Typically, a page in a journal is one of the 6 following types:
- Regular pages: these are the pages numbered with arabic numerals, which constitute the main body of the volume
- Letter pages: some journals have an introductory section of the journals where notes or letters to the editor are published
- Inserts: some journals contain inserts much larger than the regular page size, which are folded up and bound with the rest of the pages
- Plates: some journals have plates at the end of each volume or issue which are labeled by consecutive plate numbers
- Front matter: all pages preceding the “Regular” or “Letter” pages and starting from the cover
- Back matter: all pages following the last numbered page (or plate) and ending with the back cover
The file naming requirements for these page types are as follows:
Page type | Naming requirements |
---|---|
Regular | The scans should be saved in files named JNLvvv.nnnn, where JNL is an abbreviation of the journal name, vvv is the volume number and nnnn is the zero-padded page number. For instance, page number 100 for volume 200 of the journal Astronomy & Astrophysics (A+A) should be saved in a TIFF file named A+A200.0100. Note: some journals may contain pages that, although not numbered, have an implied page number which can be easily inferred by their position within the sequence of numbered pages. In all cases these pages should be named after the corresponding implied page number. Sometimes regular pages are a combination of a letter and a number, like A1, in which case the letter should get included in the page numbering; for instance, the page “A10” in volume 33 of the journal “M+PS” should be saved in a file named “M+PS033.A010.”. If a journal volume consists of multiple issues that all start on page 1, please contact us for more detailed instructions. |
Letter | These pages are labeled with the letter “L” followed by an increasing number, starting from page L1. These scans should be saved in files named according to the following template: JNLvvv.Lnnn, where the file extension consists of the letter “L” followed by the zero-padded page number (three digits long). |
Insert | If the physical size of the insert is 11” x 17” or smaller, a reduced copy of the scan should be created so that the resulting image size will match the typical page size of the journal being scanned.

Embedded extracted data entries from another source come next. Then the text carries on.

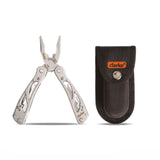 Stainless-steel construction.Supplied with a Clarke branded pouch with belt clip.Filer, long nose pliers, curve jaw pliers.wire cutter, saw, Phillips screwdriver, .standard screwdrivers (1/4", 5/16", 1/8"), small knife, large knife and bottle opener.
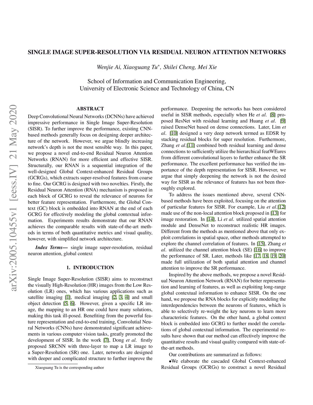 Single Image Super-Resolution via Residual Neuron Attention Networks
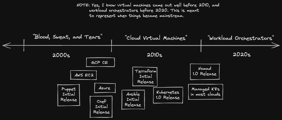 The tooling to manage large fleets of servers and applications simply didn't exist, so you would often hire a team of system administrators, who would end up rolling their own tooling in the form of Bash or PowerShell scripts! ๐
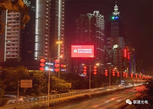 聯建光電一直以來憑穩定的產品品質以及超強的大項目生產、研發能力贏得各行業用戶的一致認可。據了解,本次聯建光電為深圳聯合智華大廈打造的是極具商業價值的深圳第一塊商用嵌入式、無包邊與建筑渾然一體電子靜態大牌項目。項目采用聯建光電高端節能F系列戶外LED顯示屏——點間距為PH16mm,面積達314㎡。覆蓋面積廣,顯示畫面清晰、逼真,吸睛能力超強。大屏采用獨創F-super超節能技術,均值功耗僅為常規產品的50%,大幅降低客戶運營成本,同時產品具備運行穩定、色彩均勻、對比度高、畫面靚麗自然、超寬視角等特點,覆蓋核心主流受眾。本項目主要用于播放商業廣告,為深圳市民提供更多更廣的商業資訊。
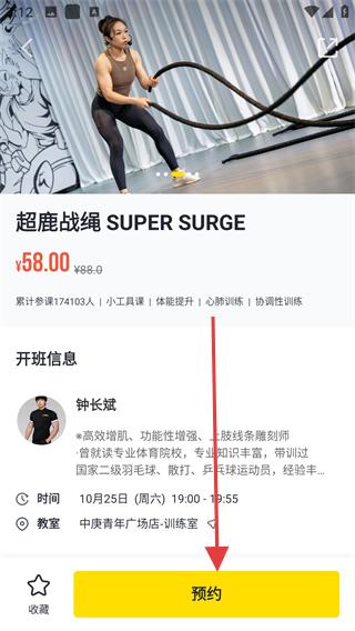 2、在團(tuán)課列表頁(yè)面選擇超鹿戰(zhàn)繩SUPERSURGE課程,點(diǎn)擊預(yù)約按鈕,進(jìn)入課程詳情頁(yè)面。
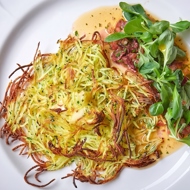 Cut the potatoes into fine strips, mix with herbs, salt, and pepper, and fry in olive oil like a thin pancake.
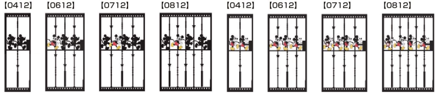 ミッキーのA型B型C型、プーさんのA型B型を親子開きや両開きに組み合わせて。
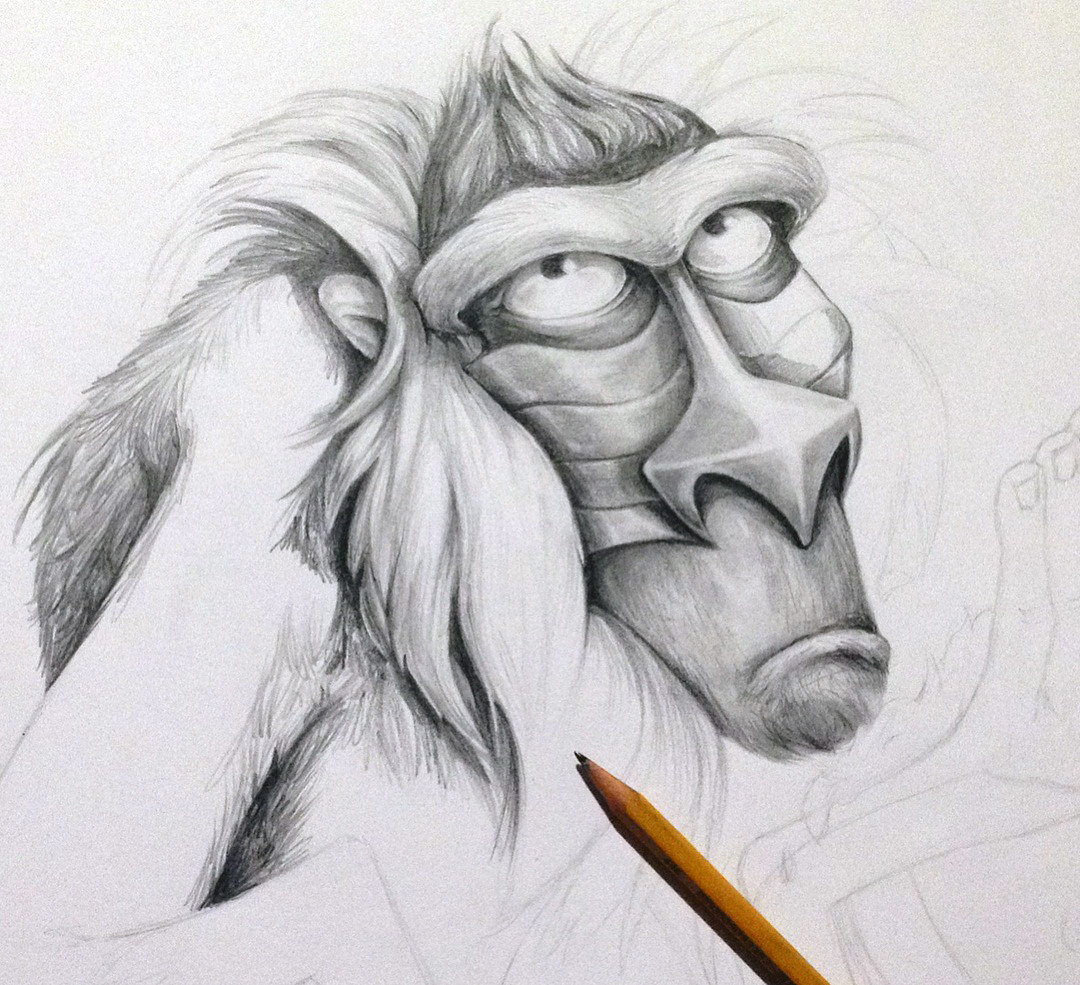 Mi versión de Rafiki en lápiz de grafito
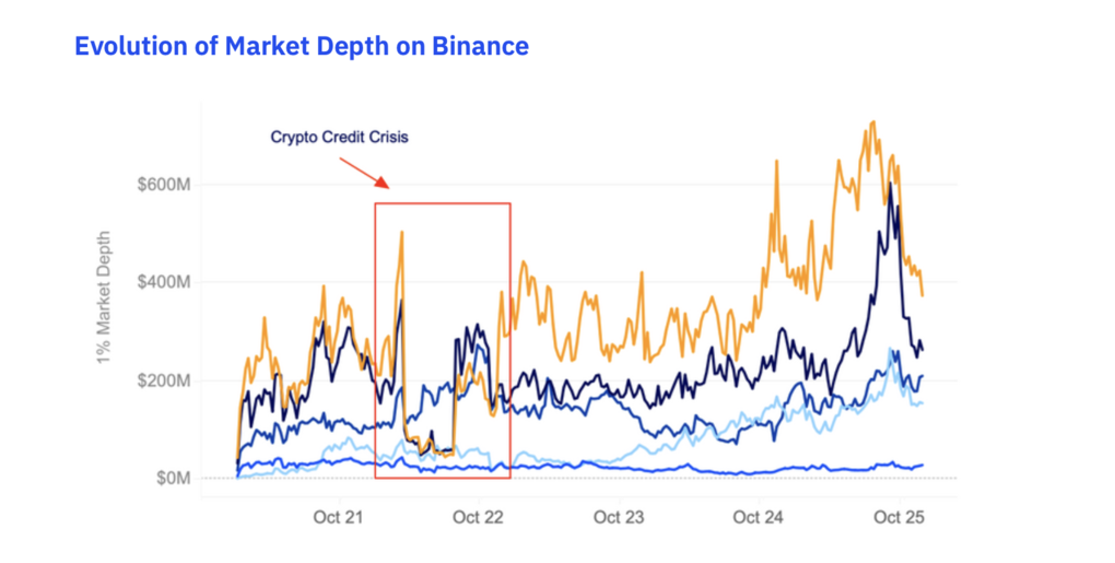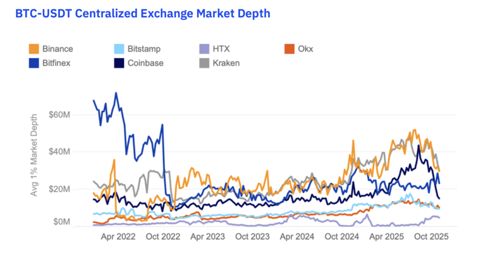 Ба більше, звіт трактує зростання цієї метрики як ознаку структурного дорослішання ринку. За даними Kaiko, до жовтня 2025 року 1%-глибина за BTC на Binance перевищувала $600 млн — рівень вищий за максимуми, що спостерігалися до стресів 2022 року. Це важливий сигнал: ліквідність стає не лише циклічною (зростає на підйомі), а й стійкою (повертається після шоків).
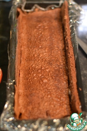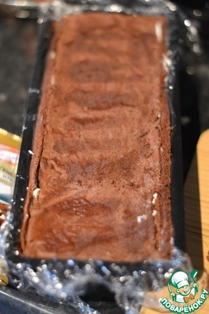 Нам нужна продолговатая форма типа кексовой. Накрыть ее пленкой. Вырезать кусок бисквита так, чтобы его можно было положить в форму и он покрывал всю форму. -
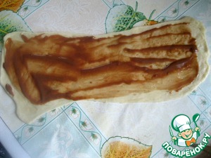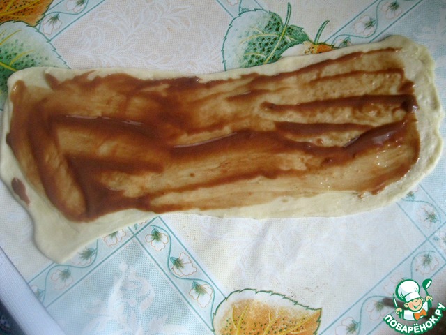 А другие 2 части промазать шоколадной пастой. Свернуть рулетом и разрезать на равные части.
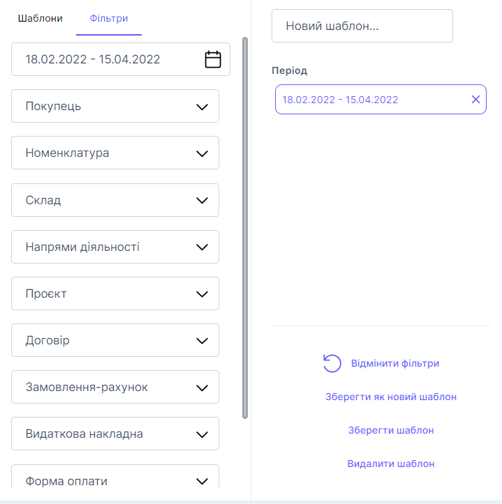 У випадку, коли потрібно часто використовувати одні й ті ж показники фільтрів у звіті, то можливо зберегти їх, як новий шаблон.
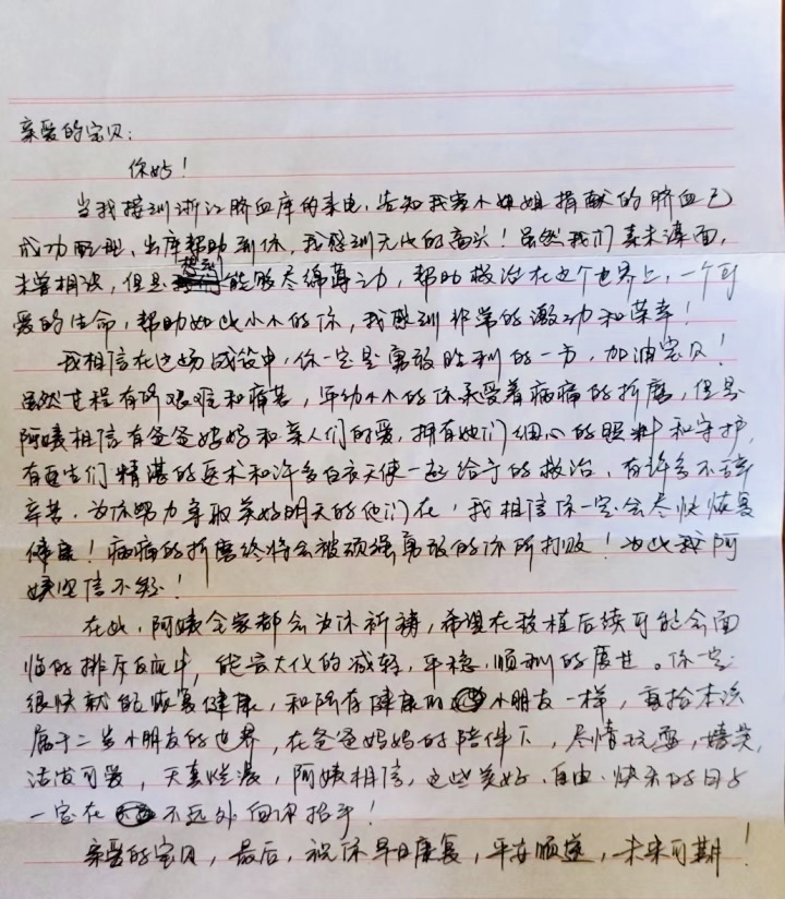 日前,浙江省脐血库的工作人员专程赶往中南大学湘雅三医院,将一封供者对患儿表达鼓励与祝福的信件交到了患儿家属手中,正是这封信的主人捐献的“脐血种子”成功挽救了一位人生刚刚开始的小男孩的生命。

If the size of the insert is greater than 11” x 17”, then multiple scans of the different parts of the image should be performed, each having a scanning area size equal to the one used for the typical pages of the current journal. If such inserts are not numbered according to the regular page numbering scheme, they should be assigned a file name created by appending a 3-digit sequential number to the filename of the preceding page. For instance, an insert appearing after page 100 of volume 200 of the journal Astronomy & Astrophysics should be saved in a file named A+A200.0100I001 |
Plate | The plate scans should be saved in files named according to the following template: JNLvvv.nnnnPppp, where the file extension consists of the current page number nnnn (or the preceding page if the plate does not have a page number associated with it), followed letter “P” followed by the zero-padded plate number displayed on the page (ppp). |
Front matter | All pages preceding the “Regular” or letter pages and starting from the cover should be scanned and saved in files JNLvvv.nnnnCddd, where the file extension consists of the number corresponding to the first numbered page following the cover pages (nnnn), followed by the letter “C,” followed by a zero-padded sequence number (ddd). These pages are typically numbered using roman numerals and include all pages in the journal’s “front matter” section. |
Back matter | All pages following the last numbered page (or plate) and ending with the back cover should be scanned and saved in files named JNLvvv.nnnnZddd, where the file extension consists of the number corresponding to the last numbered page preceding the back-cover pages (nnnn), followed by the letter “Z,” followed by a zero-padded sequence number (ddd) |
In case generating this file naming scheme presents problems, an alternative acceptable solution would be to provide us with a set of files and a lookup-table mapping the file names delivered into the file names in our requested format described above.